- _BRIEF_
From the entries below, reproduce exactly the line containing "而在電視墻的對面,以簡單的臟", the line containing "1.3.1 以bark为例,把bark里", and every line in between, with nothing added.

- _DATA SECTION_
--- --- ---

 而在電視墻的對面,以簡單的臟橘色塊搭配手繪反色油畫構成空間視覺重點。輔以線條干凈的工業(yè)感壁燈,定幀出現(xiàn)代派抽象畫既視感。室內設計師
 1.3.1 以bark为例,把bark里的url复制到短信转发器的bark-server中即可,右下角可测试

--- --- ---

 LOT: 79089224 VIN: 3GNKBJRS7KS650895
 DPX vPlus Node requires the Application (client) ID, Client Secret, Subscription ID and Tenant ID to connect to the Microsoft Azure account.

--- --- ---

- _RESPONSE TO THE TASK_
 而在電視墻的對面,以簡單的臟橘色塊搭配手繪反色油畫構成空間視覺重點。輔以線條干凈的工業(yè)感壁燈,定幀出現(xiàn)代派抽象畫既視感。室內設計師
 1.3.1 以bark为例,把bark里的url复制到短信转发器的bark-server中即可,右下角可测试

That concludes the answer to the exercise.